Task directions: Go to the line that contains "- Use the /rebind" in the records below and repeat it, and each line after it, exactly through the end, omitting pictures.

(Source data)
——————————

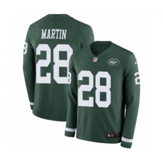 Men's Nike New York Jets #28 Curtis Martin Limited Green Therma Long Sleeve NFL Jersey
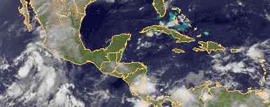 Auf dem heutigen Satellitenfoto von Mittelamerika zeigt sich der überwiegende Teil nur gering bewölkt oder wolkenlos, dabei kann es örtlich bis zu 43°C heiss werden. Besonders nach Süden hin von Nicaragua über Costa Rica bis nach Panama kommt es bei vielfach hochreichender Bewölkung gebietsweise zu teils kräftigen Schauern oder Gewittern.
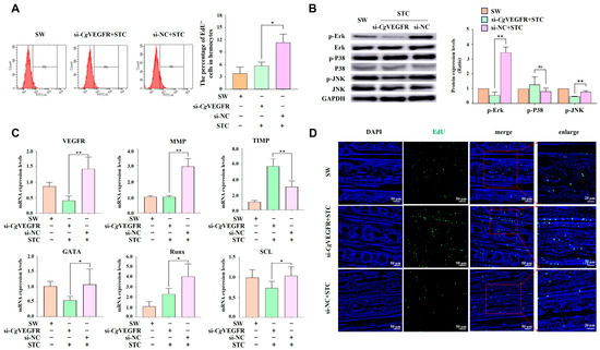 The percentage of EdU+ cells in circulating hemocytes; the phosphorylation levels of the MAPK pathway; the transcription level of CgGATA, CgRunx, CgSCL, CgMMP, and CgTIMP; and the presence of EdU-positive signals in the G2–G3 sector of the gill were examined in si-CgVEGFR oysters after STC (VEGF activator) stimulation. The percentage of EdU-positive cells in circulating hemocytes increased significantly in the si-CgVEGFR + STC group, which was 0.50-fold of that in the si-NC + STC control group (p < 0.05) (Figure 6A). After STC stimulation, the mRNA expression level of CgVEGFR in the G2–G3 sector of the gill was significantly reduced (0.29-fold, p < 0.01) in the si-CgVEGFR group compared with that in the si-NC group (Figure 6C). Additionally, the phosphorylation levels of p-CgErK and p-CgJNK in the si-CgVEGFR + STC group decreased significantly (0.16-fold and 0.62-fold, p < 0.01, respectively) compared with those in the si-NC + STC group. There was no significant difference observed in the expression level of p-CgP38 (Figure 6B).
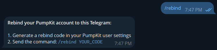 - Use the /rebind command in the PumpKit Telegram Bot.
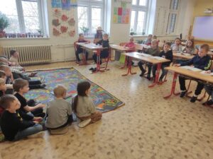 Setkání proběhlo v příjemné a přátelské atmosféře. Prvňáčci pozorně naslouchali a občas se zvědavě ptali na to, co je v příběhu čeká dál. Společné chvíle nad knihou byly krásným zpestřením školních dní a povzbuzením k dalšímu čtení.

——————————

Completed exercise:
 - Use the /rebind command in the PumpKit Telegram Bot.
 Setkání proběhlo v příjemné a přátelské atmosféře. Prvňáčci pozorně naslouchali a občas se zvědavě ptali na to, co je v příběhu čeká dál. Společné chvíle nad knihou byly krásným zpestřením školních dní a povzbuzením k dalšímu čtení.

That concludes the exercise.